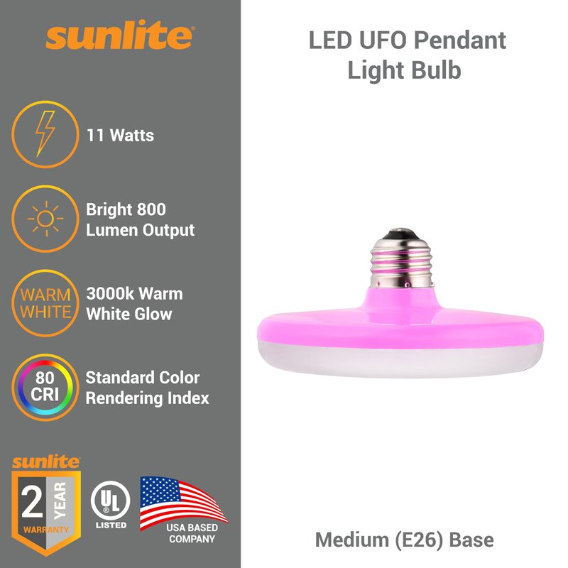 Sunlite UFO Pendant Fixture LED Light Bulb, 11 Watt, (50W Equivalent), 800 Lumens, Medium (E26) Base, Pink Housing, 30K-Warm White
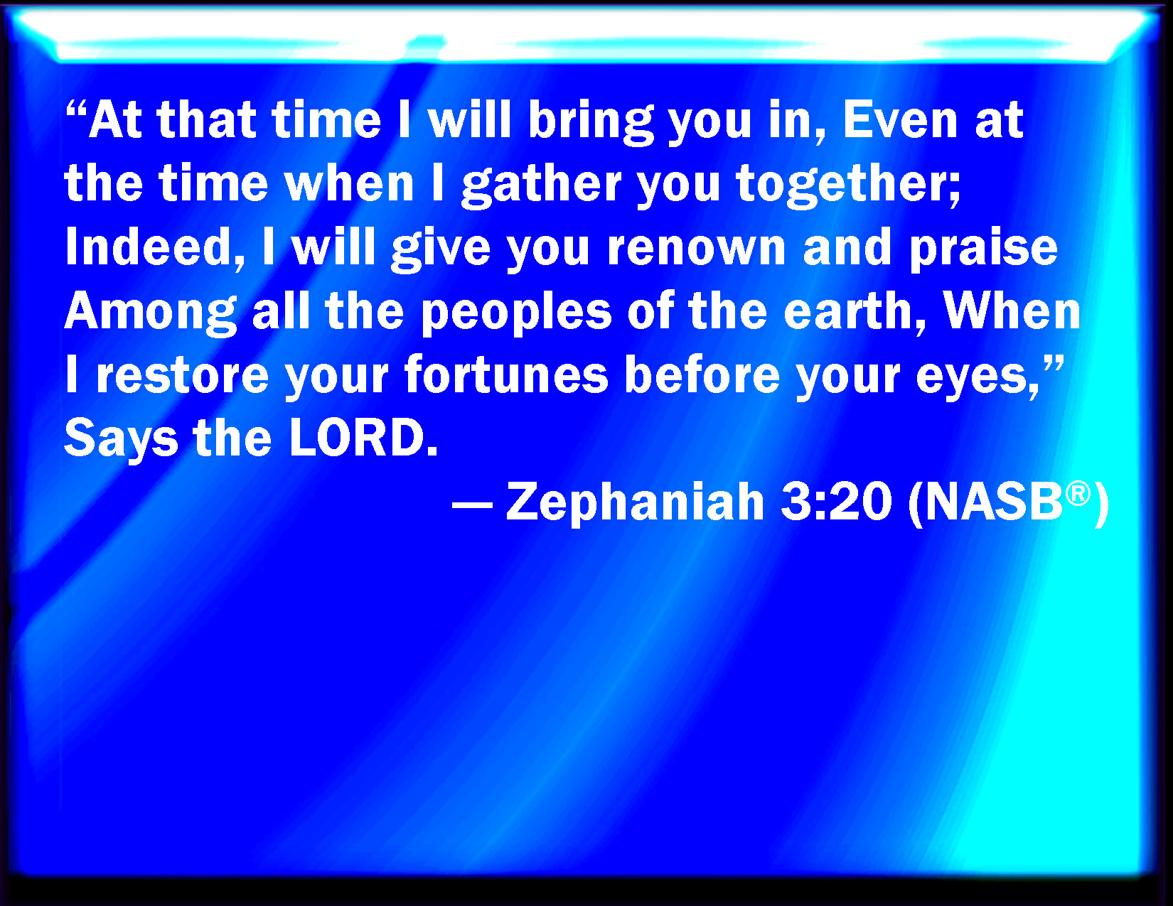 Bible Verse Slide Zephaniah 3:20 At that time will I bring you again, even in the time that I gather you: for I will make you a name and a praise among all people of the earth, when I turn back your captivity before your eyes, said the LORD. KJV: At that time will I bring you again, even in the time that I gather you: for I will make you a name and a praise among all people of the earth, when I turn back your captivity before your eyes, saith the LORD. DRB: At that time, when I will bring you: and at the time that I will gather you: for I will give you a name, and praise among all the people of the earth, when I shall have brought back your captivity before your eyes, saith the Lord. DBT: At that time will I bring you, yea, at the time that I gather you; for I will make you a name and a praise, among all the peoples of the earth, when I shall turn again your captivity before your eyes, saith Jehovah. ERV: At that time will I bring you in, and at that time will I gather you: for I will make you a name and a praise among all the peoples of the earth, when I bring again your captivity before your eyes, saith the LORD. WBT: At that time will I bring you again, even in the time that I gather you: for I will make you a name and a praise among all people of the earth, when I turn back your captivity before your eyes, saith the LORD. WEB: At that time will I bring you in, and at that time will I gather you; for I will give you honor and praise among all the peoples of the earth, when I restore your fortunes before your eyes, says Yahweh. YLT: At that time I bring you in, Even at the time of My assembling you, For I give you for a name, and for a praise, Among all peoples of the land, In My turning back to your captivity before your eyes, said Jehovah!Links Zephaniah 3:20 NIV • Zephaniah 3:20 NLT • Zephaniah 3:20 ESV • Zephaniah 3:20 NASB • Zephaniah 3:20 KJV • Zephaniah 3:20 Interlinear • Zephaniah 3:20 Commentaries • Zephaniah 3:20 Parallel Texts • Zephaniah 3:20 Bible Apps • Zephaniah 3:20 Parallel • Bible Hub |
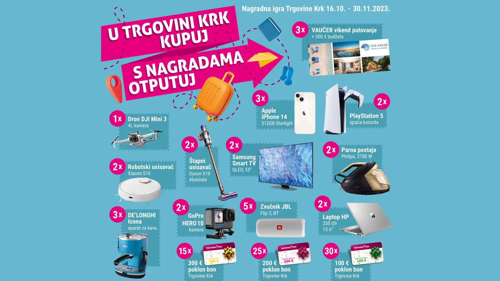 Nagradna igra Trgovina Krk traje od 16.10.2023. do 30.11.2023. u svim maloprodajnim podavaonice prehrane Trgovine Krk na području RH.

__Directions__:
From the line with "Bible Verse Slide" through the end of the listing, write out every line exactly, leaving out the pictures.

__Answer for this exercise__:
 Bible Verse Slide Zephaniah 3:20 At that time will I bring you again, even in the time that I gather you: for I will make you a name and a praise among all people of the earth, when I turn back your captivity before your eyes, said the LORD. KJV: At that time will I bring you again, even in the time that I gather you: for I will make you a name and a praise among all people of the earth, when I turn back your captivity before your eyes, saith the LORD. DRB: At that time, when I will bring you: and at the time that I will gather you: for I will give you a name, and praise among all the people of the earth, when I shall have brought back your captivity before your eyes, saith the Lord. DBT: At that time will I bring you, yea, at the time that I gather you; for I will make you a name and a praise, among all the peoples of the earth, when I shall turn again your captivity before your eyes, saith Jehovah. ERV: At that time will I bring you in, and at that time will I gather you: for I will make you a name and a praise among all the peoples of the earth, when I bring again your captivity before your eyes, saith the LORD. WBT: At that time will I bring you again, even in the time that I gather you: for I will make you a name and a praise among all people of the earth, when I turn back your captivity before your eyes, saith the LORD. WEB: At that time will I bring you in, and at that time will I gather you; for I will give you honor and praise among all the peoples of the earth, when I restore your fortunes before your eyes, says Yahweh. YLT: At that time I bring you in, Even at the time of My assembling you, For I give you for a name, and for a praise, Among all peoples of the land, In My turning back to your captivity before your eyes, said Jehovah!Links Zephaniah 3:20 NIV • Zephaniah 3:20 NLT • Zephaniah 3:20 ESV • Zephaniah 3:20 NASB • Zephaniah 3:20 KJV • Zephaniah 3:20 Interlinear • Zephaniah 3:20 Commentaries • Zephaniah 3:20 Parallel Texts • Zephaniah 3:20 Bible Apps • Zephaniah 3:20 Parallel • Bible Hub |
 Nagradna igra Trgovina Krk traje od 16.10.2023. do 30.11.2023. u svim maloprodajnim podavaonice prehrane Trgovine Krk na području RH.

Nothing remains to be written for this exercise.